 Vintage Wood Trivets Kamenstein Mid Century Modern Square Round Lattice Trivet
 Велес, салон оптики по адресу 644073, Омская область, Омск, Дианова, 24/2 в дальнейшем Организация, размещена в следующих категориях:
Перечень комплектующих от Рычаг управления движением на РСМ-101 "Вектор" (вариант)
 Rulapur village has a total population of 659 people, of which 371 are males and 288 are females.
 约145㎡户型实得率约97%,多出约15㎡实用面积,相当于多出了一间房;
::::::::::
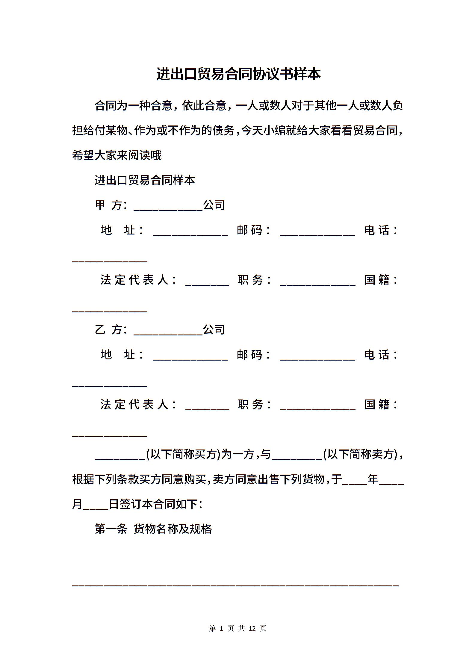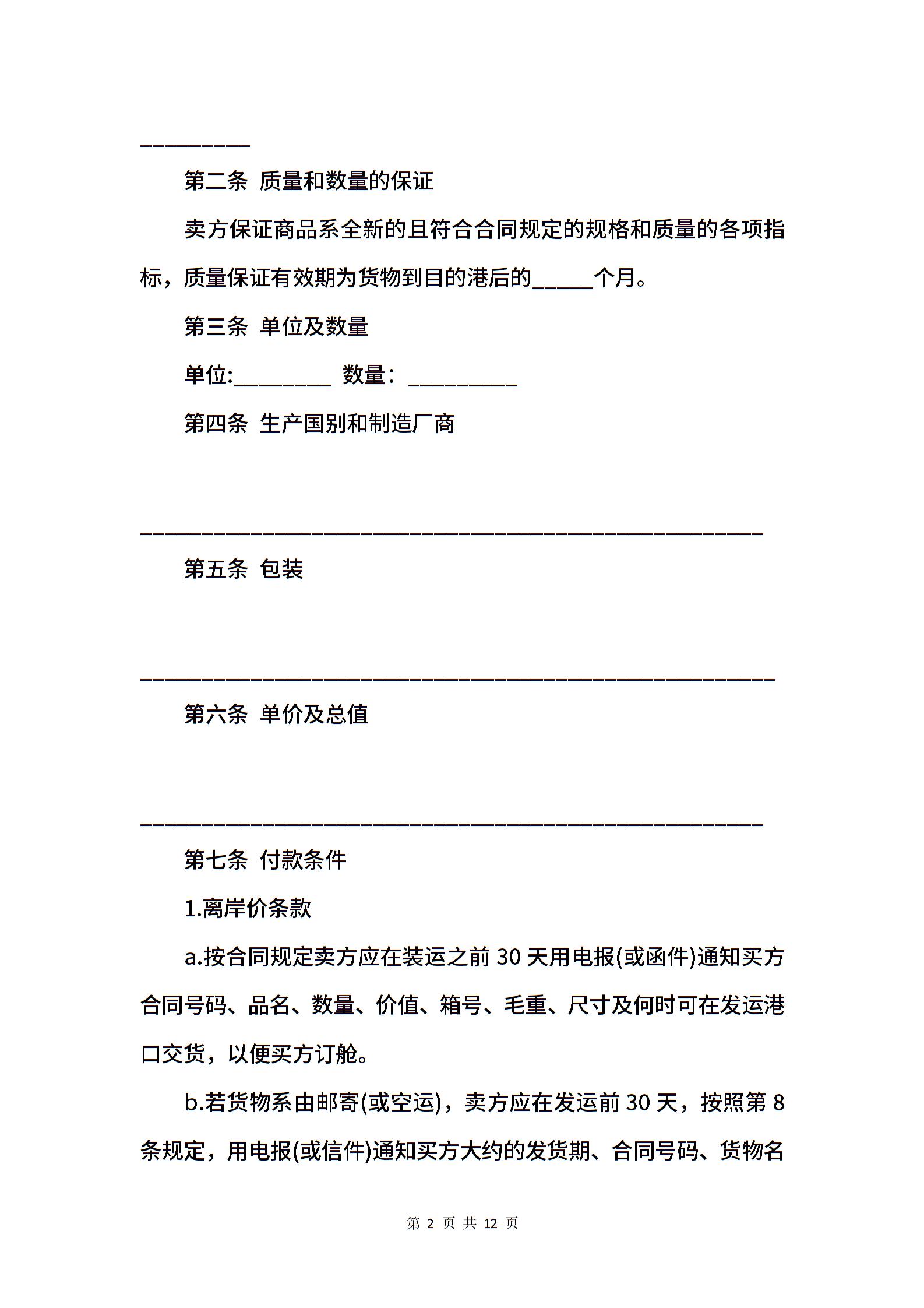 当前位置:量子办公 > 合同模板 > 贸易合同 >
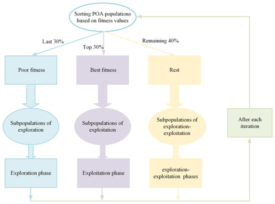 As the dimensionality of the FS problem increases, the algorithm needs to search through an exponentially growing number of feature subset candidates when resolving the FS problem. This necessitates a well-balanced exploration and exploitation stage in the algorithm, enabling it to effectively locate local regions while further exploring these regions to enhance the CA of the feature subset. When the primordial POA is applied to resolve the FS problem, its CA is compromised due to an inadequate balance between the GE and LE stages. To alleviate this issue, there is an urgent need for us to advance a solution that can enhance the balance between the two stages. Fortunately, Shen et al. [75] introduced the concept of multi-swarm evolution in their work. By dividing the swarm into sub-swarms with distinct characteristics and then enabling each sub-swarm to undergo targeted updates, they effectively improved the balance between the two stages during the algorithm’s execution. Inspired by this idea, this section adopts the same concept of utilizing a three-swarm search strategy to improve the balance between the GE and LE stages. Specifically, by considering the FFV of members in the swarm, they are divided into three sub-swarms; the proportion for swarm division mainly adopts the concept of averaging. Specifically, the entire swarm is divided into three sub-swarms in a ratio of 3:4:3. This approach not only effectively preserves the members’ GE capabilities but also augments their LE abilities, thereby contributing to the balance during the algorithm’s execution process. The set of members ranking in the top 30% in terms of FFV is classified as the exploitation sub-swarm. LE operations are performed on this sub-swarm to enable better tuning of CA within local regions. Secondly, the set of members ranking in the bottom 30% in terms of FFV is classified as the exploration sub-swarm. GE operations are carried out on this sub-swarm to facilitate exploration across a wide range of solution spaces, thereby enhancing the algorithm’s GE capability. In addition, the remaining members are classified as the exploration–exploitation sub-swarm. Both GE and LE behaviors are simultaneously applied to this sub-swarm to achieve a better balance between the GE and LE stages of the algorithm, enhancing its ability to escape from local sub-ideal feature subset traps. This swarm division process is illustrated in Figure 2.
::::::::::
Exercise goal: Give back precisely the lines above that start at the line containing "Велес, салон оптики" and end at the line containing "约145㎡户型实得率约97%,多出约15㎡实用面积,相当于多出了一间房;", inclusive. No other lines belong in the output.

Exercise answer:
 Велес, салон оптики по адресу 644073, Омская область, Омск, Дианова, 24/2 в дальнейшем Организация, размещена в следующих категориях:
Перечень комплектующих от Рычаг управления движением на РСМ-101 "Вектор" (вариант)
 Rulapur village has a total population of 659 people, of which 371 are males and 288 are females.
 约145㎡户型实得率约97%,多出约15㎡实用面积,相当于多出了一间房;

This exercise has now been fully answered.